● What you are asked to do: For this exercise, output the entries below exactly from the line that holds "复式设计:4.5米挑高,一层为客厅/厨房,二层为卧室,空间灵活可办公或自住" to the line that holds "Warunki wegetacji w", both ends included. No pictures belong in the copy.

● Input data:

* * *

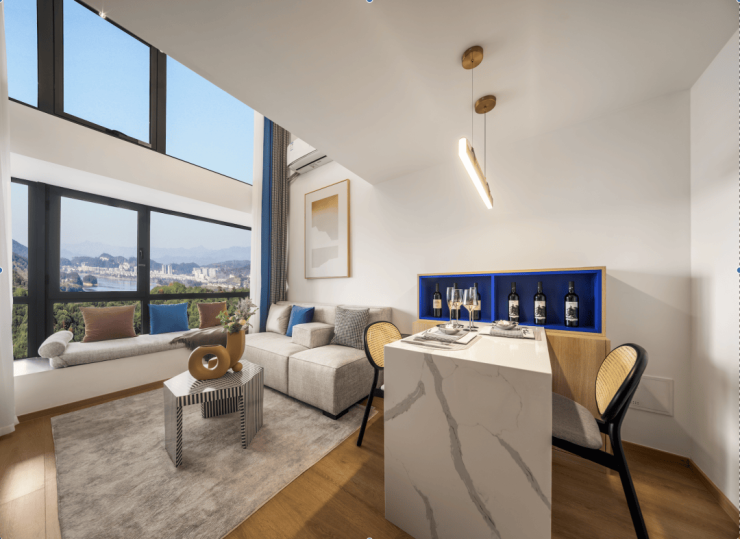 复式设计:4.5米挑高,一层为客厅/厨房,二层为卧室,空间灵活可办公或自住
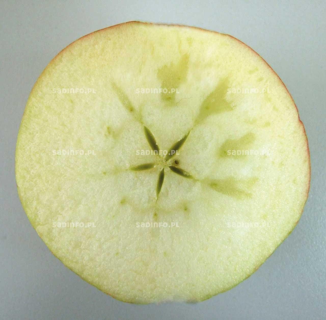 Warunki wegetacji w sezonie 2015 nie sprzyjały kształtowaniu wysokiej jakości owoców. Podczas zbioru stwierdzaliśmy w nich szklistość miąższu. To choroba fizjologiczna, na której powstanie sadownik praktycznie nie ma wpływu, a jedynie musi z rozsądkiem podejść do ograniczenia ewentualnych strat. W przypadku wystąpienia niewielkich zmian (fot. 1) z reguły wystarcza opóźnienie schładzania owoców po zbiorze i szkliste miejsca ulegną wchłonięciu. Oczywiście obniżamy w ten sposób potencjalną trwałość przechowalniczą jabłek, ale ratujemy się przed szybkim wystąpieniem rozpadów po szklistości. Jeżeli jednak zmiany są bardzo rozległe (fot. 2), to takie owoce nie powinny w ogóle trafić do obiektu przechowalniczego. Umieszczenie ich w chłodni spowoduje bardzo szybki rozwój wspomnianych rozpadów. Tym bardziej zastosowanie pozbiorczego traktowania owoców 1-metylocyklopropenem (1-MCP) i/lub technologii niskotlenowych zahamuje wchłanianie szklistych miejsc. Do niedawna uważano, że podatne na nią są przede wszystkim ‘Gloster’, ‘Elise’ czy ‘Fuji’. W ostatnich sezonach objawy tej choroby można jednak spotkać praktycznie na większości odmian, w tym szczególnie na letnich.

* * *

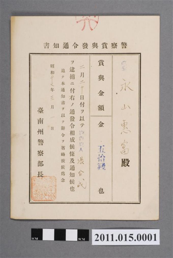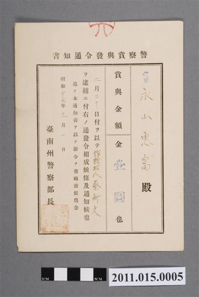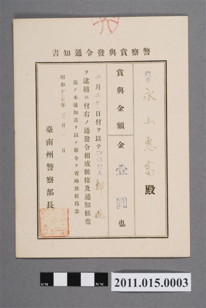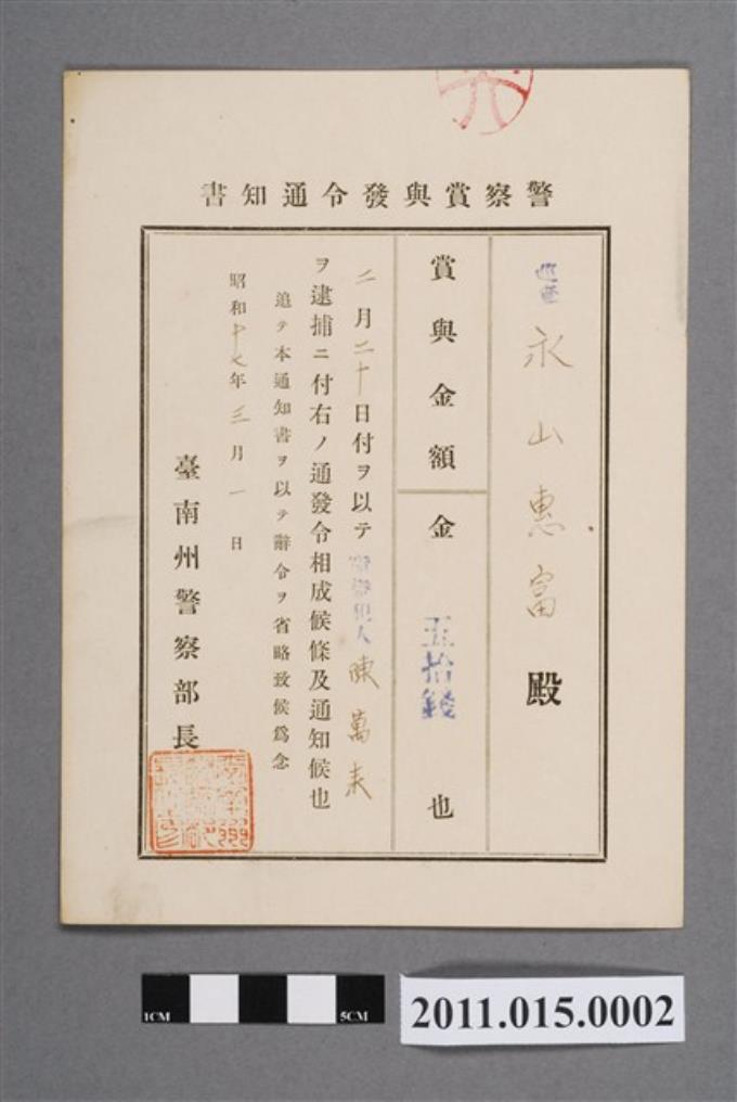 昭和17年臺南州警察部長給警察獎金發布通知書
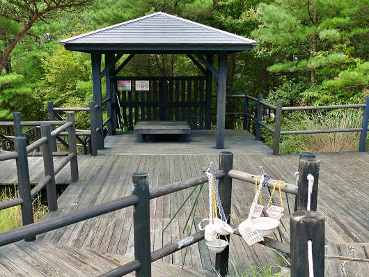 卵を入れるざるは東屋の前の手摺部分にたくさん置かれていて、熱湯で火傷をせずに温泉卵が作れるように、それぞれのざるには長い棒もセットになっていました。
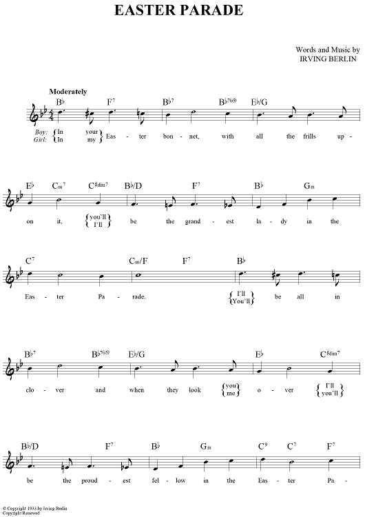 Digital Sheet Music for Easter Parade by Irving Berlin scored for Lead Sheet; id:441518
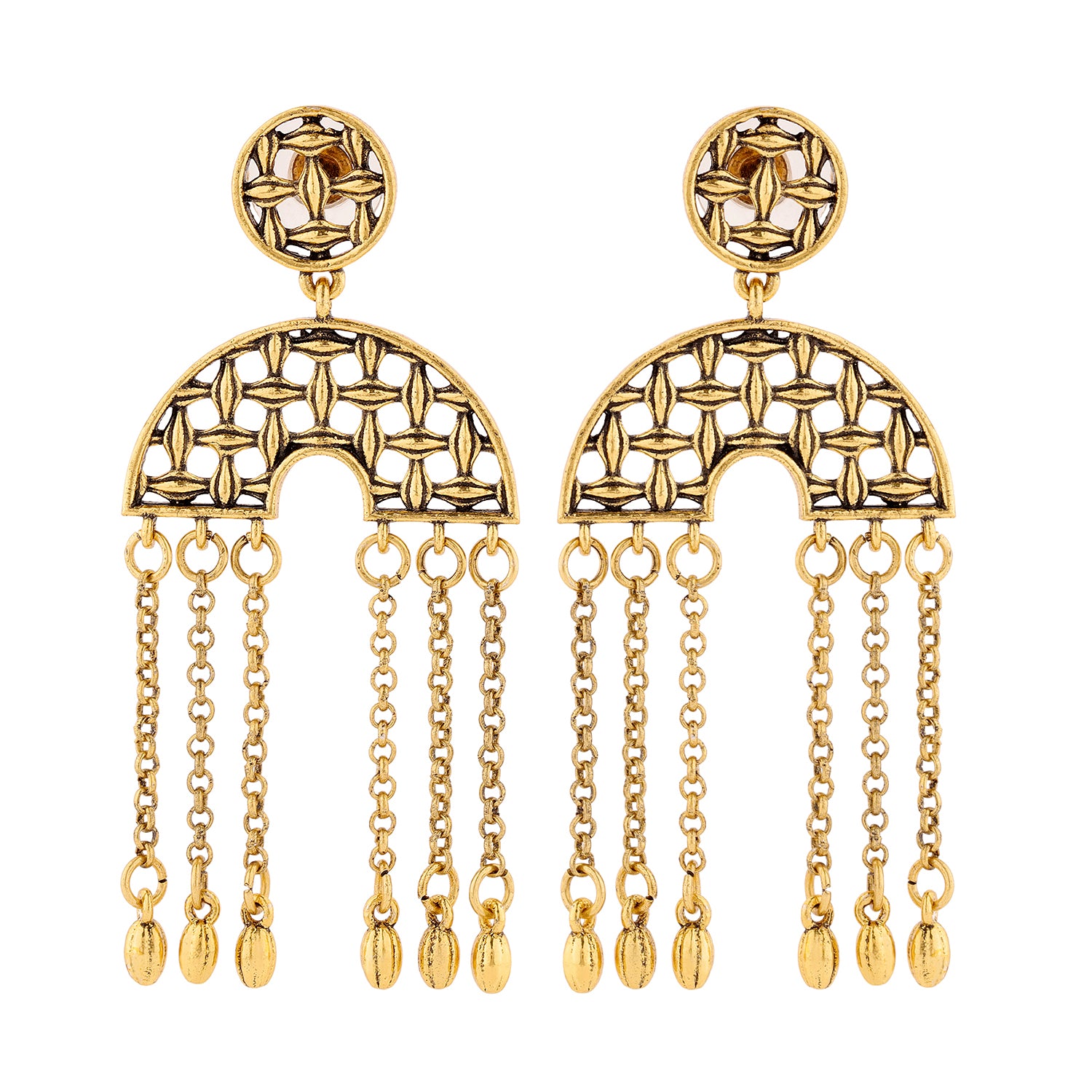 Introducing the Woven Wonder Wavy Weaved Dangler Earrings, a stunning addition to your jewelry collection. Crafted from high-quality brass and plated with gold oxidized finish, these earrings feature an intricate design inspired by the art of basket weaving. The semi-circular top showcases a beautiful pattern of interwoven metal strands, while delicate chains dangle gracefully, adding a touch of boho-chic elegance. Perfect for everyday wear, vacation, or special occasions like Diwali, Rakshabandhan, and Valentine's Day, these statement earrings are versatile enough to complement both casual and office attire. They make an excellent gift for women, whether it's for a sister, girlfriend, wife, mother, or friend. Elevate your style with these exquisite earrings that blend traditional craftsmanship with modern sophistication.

* * *

● Solution below:
 复式设计:4.5米挑高,一层为客厅/厨房,二层为卧室,空间灵活可办公或自住
 Warunki wegetacji w sezonie 2015 nie sprzyjały kształtowaniu wysokiej jakości owoców. Podczas zbioru stwierdzaliśmy w nich szklistość miąższu. To choroba fizjologiczna, na której powstanie sadownik praktycznie nie ma wpływu, a jedynie musi z rozsądkiem podejść do ograniczenia ewentualnych strat. W przypadku wystąpienia niewielkich zmian (fot. 1) z reguły wystarcza opóźnienie schładzania owoców po zbiorze i szkliste miejsca ulegną wchłonięciu. Oczywiście obniżamy w ten sposób potencjalną trwałość przechowalniczą jabłek, ale ratujemy się przed szybkim wystąpieniem rozpadów po szklistości. Jeżeli jednak zmiany są bardzo rozległe (fot. 2), to takie owoce nie powinny w ogóle trafić do obiektu przechowalniczego. Umieszczenie ich w chłodni spowoduje bardzo szybki rozwój wspomnianych rozpadów. Tym bardziej zastosowanie pozbiorczego traktowania owoców 1-metylocyklopropenem (1-MCP) i/lub technologii niskotlenowych zahamuje wchłanianie szklistych miejsc. Do niedawna uważano, że podatne na nią są przede wszystkim ‘Gloster’, ‘Elise’ czy ‘Fuji’. W ostatnich sezonach objawy tej choroby można jednak spotkać praktycznie na większości odmian, w tym szczególnie na letnich.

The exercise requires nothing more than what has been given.